Work to complete
The line that contains "Flocons d'orge : grains" marks the start. Please set it down, with every later line of the data, exactly and without pictures.

Provided data

== Segment start ==

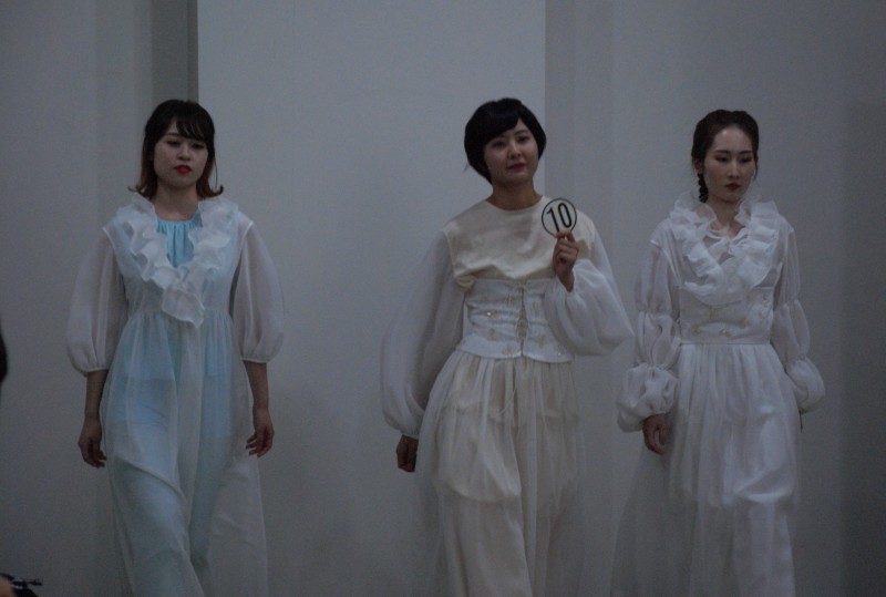 「毎年このサマーファッションコンテストの審査をさせて頂いていて、今年の作品は選ぶのが難しかった。どれも平均的で甲乙つけがたい。どれも良い。でも裏を返すと、ずば抜けて良い作品がなかったということ。今回の『アート』というテーマで、もっと大胆な作品、服っぽくないアート的な作品があってもいいのかなと。あと僕自身、装苑賞や新人ファッション大賞コンテストの審査をしているので、みなさんもそういう大きなコンテストに応募してきて、全国の学生、世界の学生と競い合って自分の作品を見てもらうことで、もっと自分の実力も付き学生の中でも刺激になるので、積極的にそういうコンテストに挑戦してください。」と総評を頂きました。
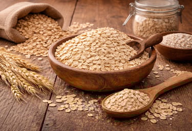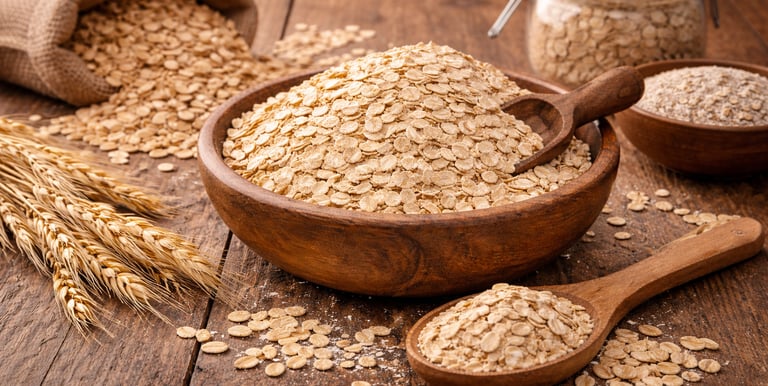 Flocons d'orge : grains d’orge aplatis après vapeur. Goût noisette doux, texture un peu ferme. Riches en fibres (bêta-glucanes), très digestes. Utilisations rapides : porridge, muesli, soupes crémeuses, galettes, pains, biscuits. Céréale saine et polyvalente.
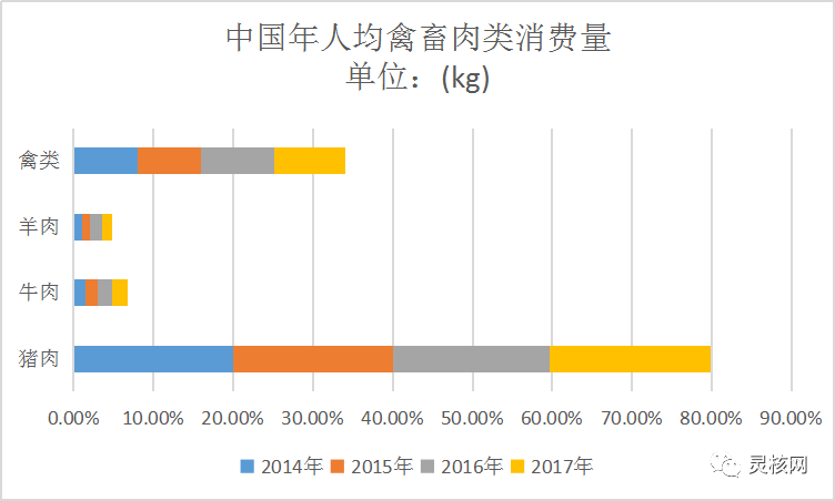 中國(guó)禽畜肉類人均年消費(fèi)量(kg)

== Segment end ==

Answer to this task
 Flocons d'orge : grains d’orge aplatis après vapeur. Goût noisette doux, texture un peu ferme. Riches en fibres (bêta-glucanes), très digestes. Utilisations rapides : porridge, muesli, soupes crémeuses, galettes, pains, biscuits. Céréale saine et polyvalente.
 中國(guó)禽畜肉類人均年消費(fèi)量(kg)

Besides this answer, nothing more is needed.